_TASK TO CARRY OUT_.
Transcribe the listing below in full, exactly, with no images.

== MATERIAL PROVIDED

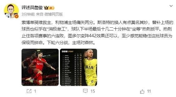 赛后,名嘴詹俊就公开质疑斯洛特的换人:有点莫名其妙,替补上场的球员也似乎在“消极怠工”,球队下半场最后十几二十分钟在“坐等”热刺扳平。
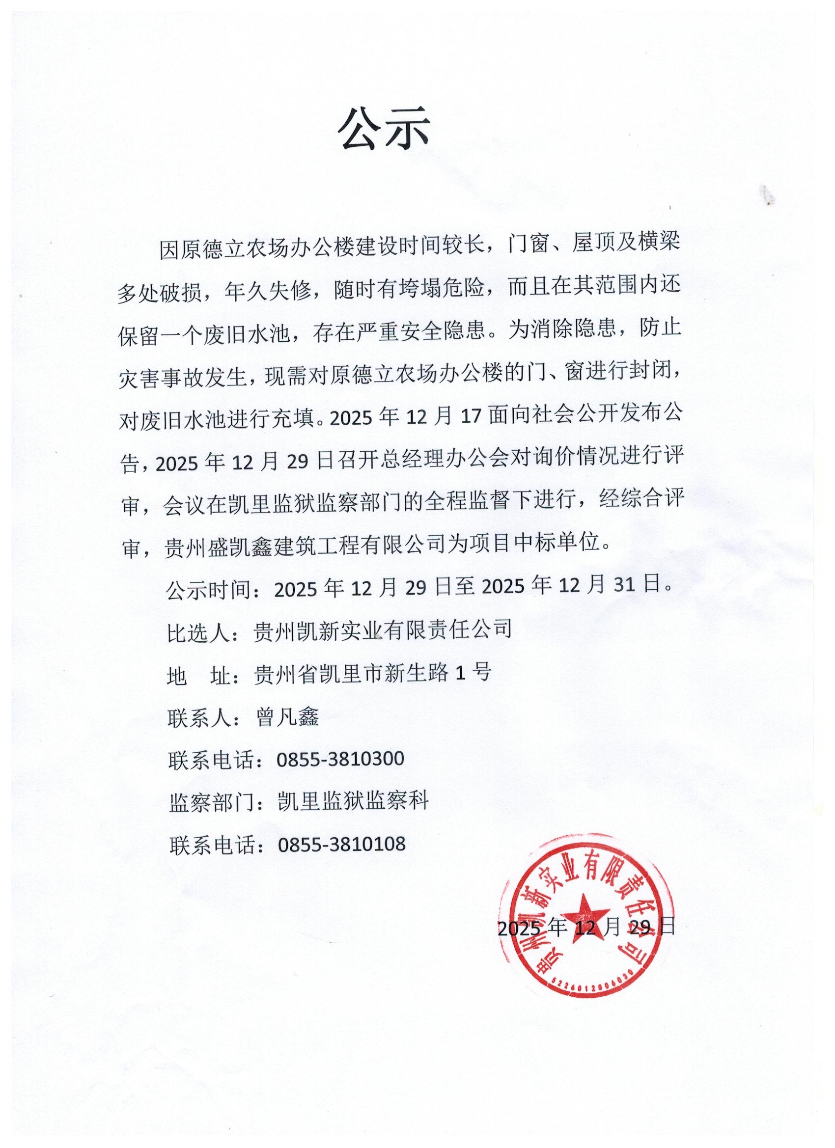 贵州凯新实业有限责任公司安全隐患整治中标公告
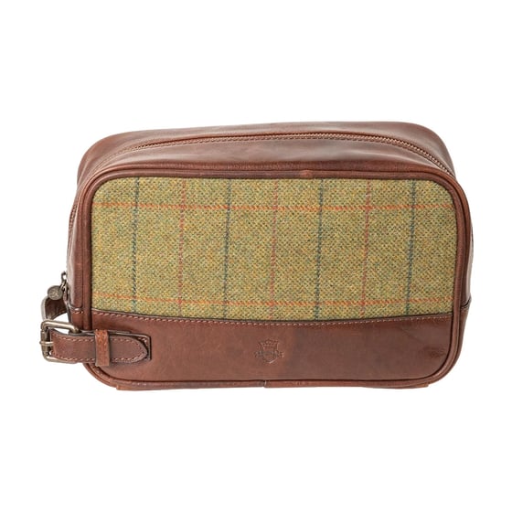 Rydale Men's Ripley Tweed and Leather Travel Toiletry Bag.
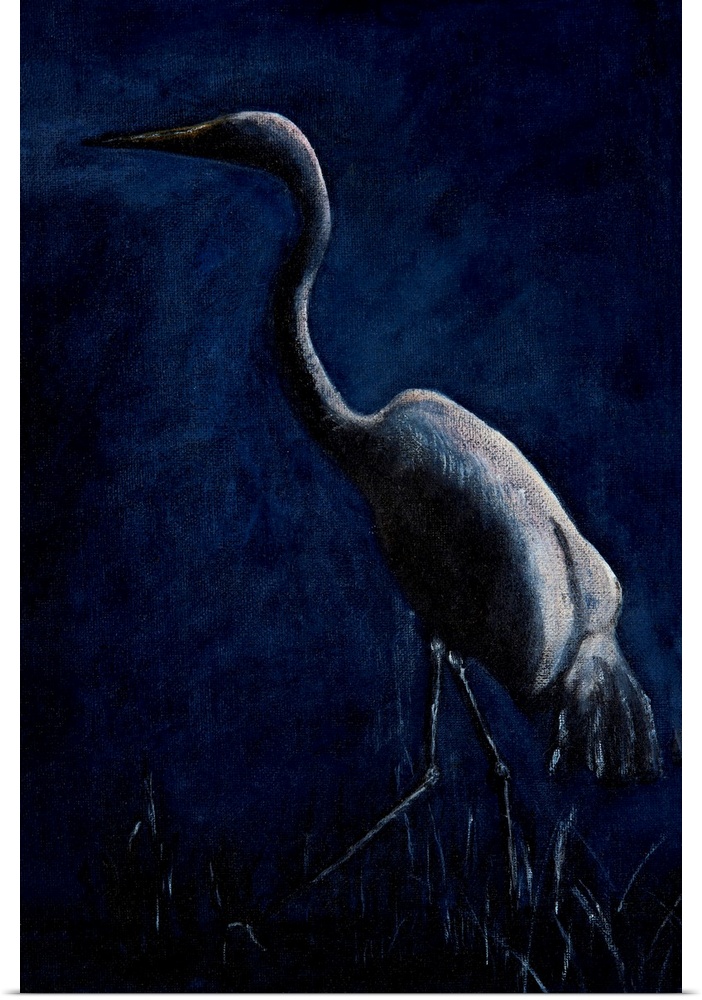 Art Blue Wall Art Contemporary Art Dale Hefer Painting Wildlife Bird Crane Heron and Egret
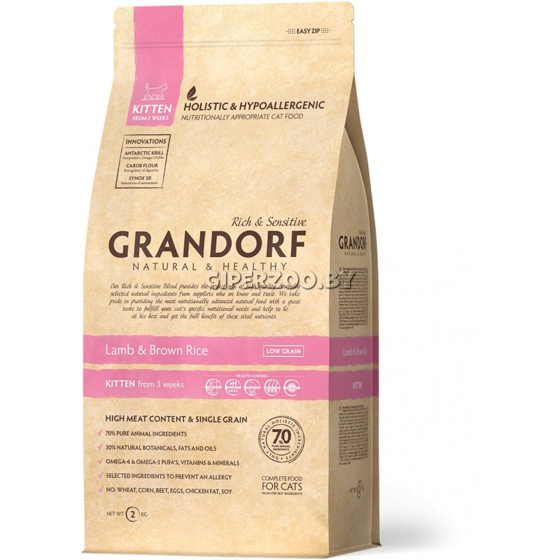 Grandorf Kitten. Сухой корм Grandorf Kitten Низкозерновой корм для котят (ягненок), 0.4 кг - это высокое содержание необходимых протеинов, полезных жиров, аминокислот и витаминов гарантирует оптимальную энергетическую ценность для здорового роста и развития котят. Гипоаллергенная низкозерновая формула для улучшения здоровья и жизненной силы котят. Превосходная гипоаллергенная формула, специально создана для удовлетворения потребностей в питании растущего котёнка и сбалансирована для нежной пищеварительной системы малышей.
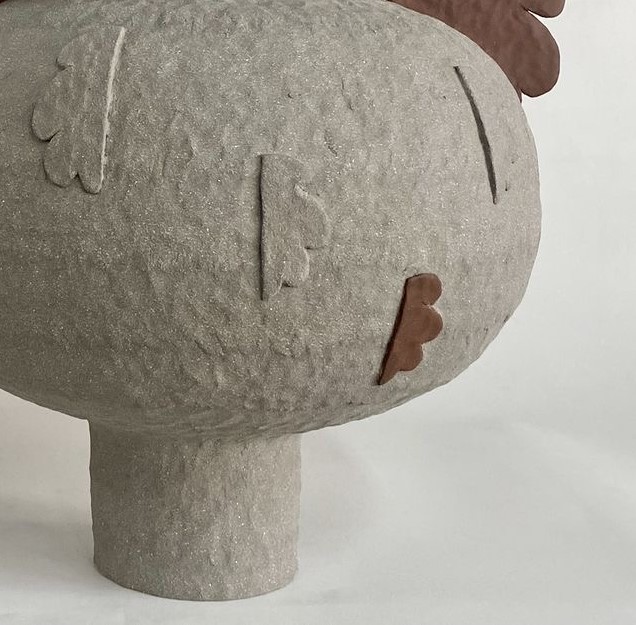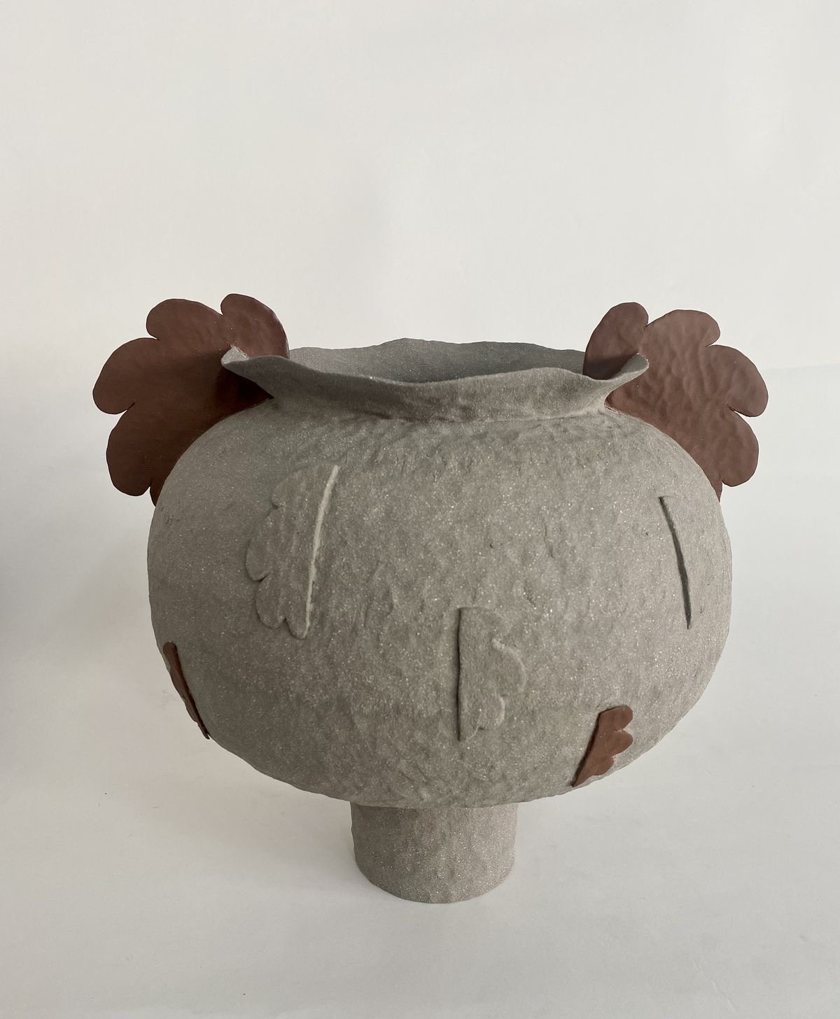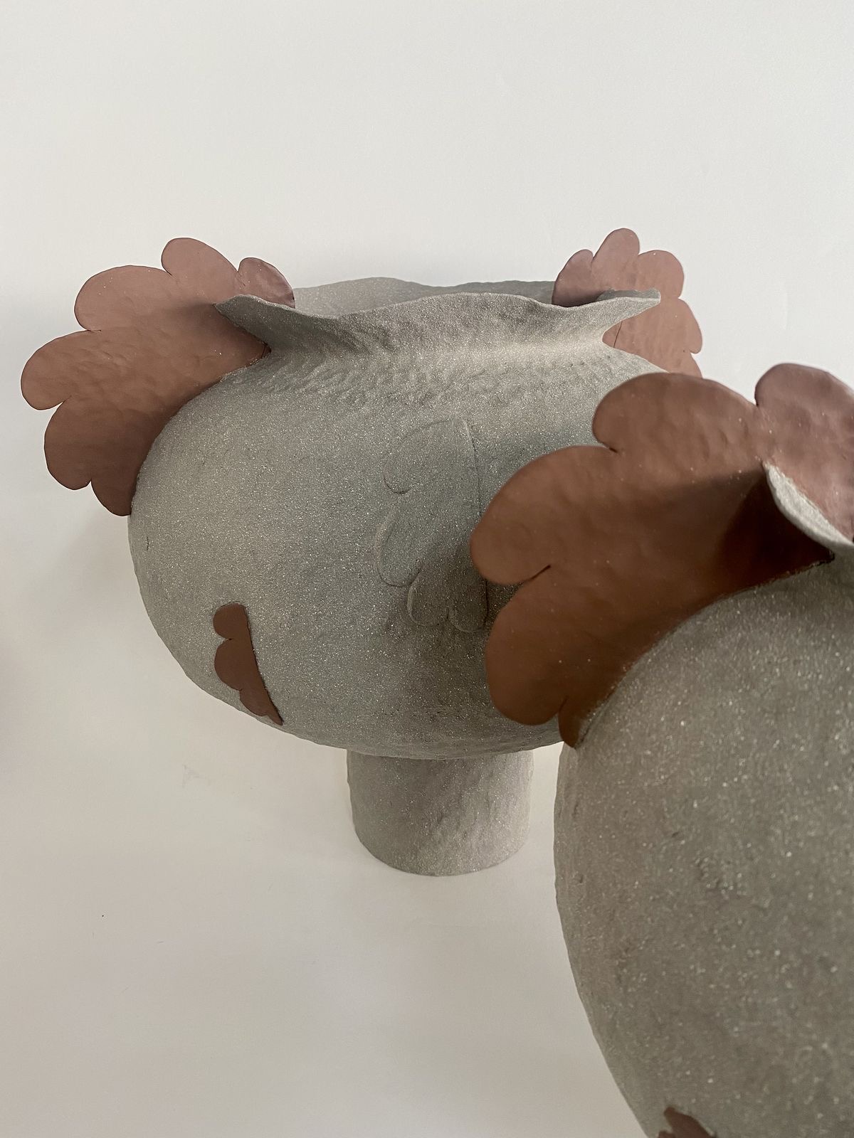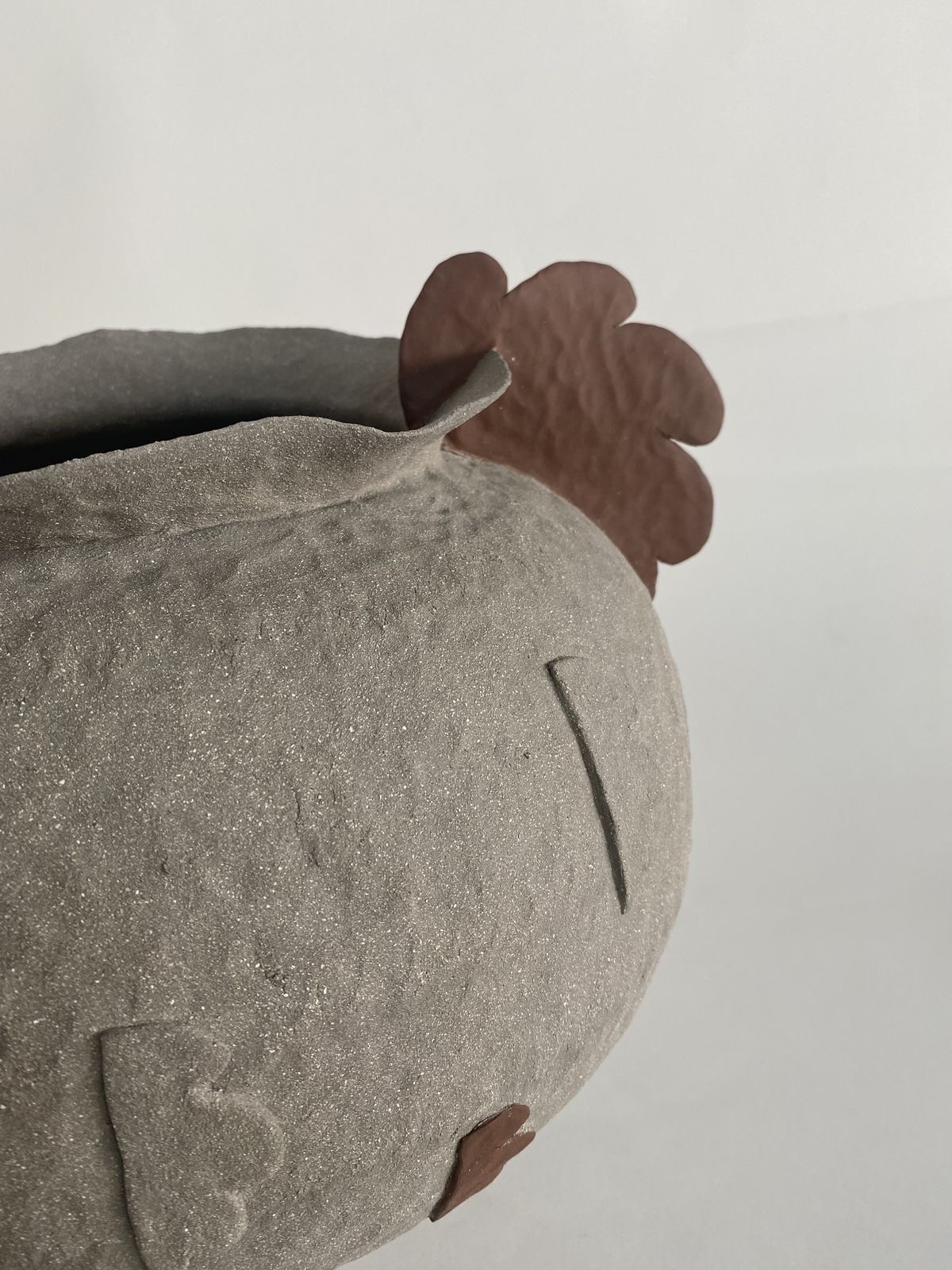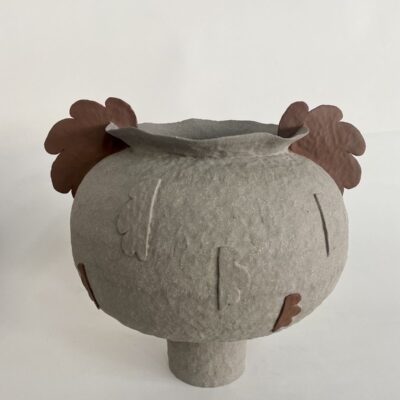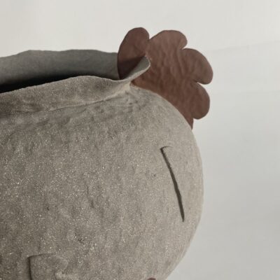 Organic forms, curves with earthy tones decorated with handmade realistic ceramic flowers, made with the coil technique, one of the oldest ancienmt ceramic techniques.

====

_PROBLEM SOLUTION_.
 赛后,名嘴詹俊就公开质疑斯洛特的换人:有点莫名其妙,替补上场的球员也似乎在“消极怠工”,球队下半场最后十几二十分钟在“坐等”热刺扳平。
 贵州凯新实业有限责任公司安全隐患整治中标公告
 Rydale Men's Ripley Tweed and Leather Travel Toiletry Bag.
 Art Blue Wall Art Contemporary Art Dale Hefer Painting Wildlife Bird Crane Heron and Egret
 Grandorf Kitten. Сухой корм Grandorf Kitten Низкозерновой корм для котят (ягненок), 0.4 кг - это высокое содержание необходимых протеинов, полезных жиров, аминокислот и витаминов гарантирует оптимальную энергетическую ценность для здорового роста и развития котят. Гипоаллергенная низкозерновая формула для улучшения здоровья и жизненной силы котят. Превосходная гипоаллергенная формула, специально создана для удовлетворения потребностей в питании растущего котёнка и сбалансирована для нежной пищеварительной системы малышей.
 Organic forms, curves with earthy tones decorated with handmade realistic ceramic flowers, made with the coil technique, one of the oldest ancienmt ceramic techniques.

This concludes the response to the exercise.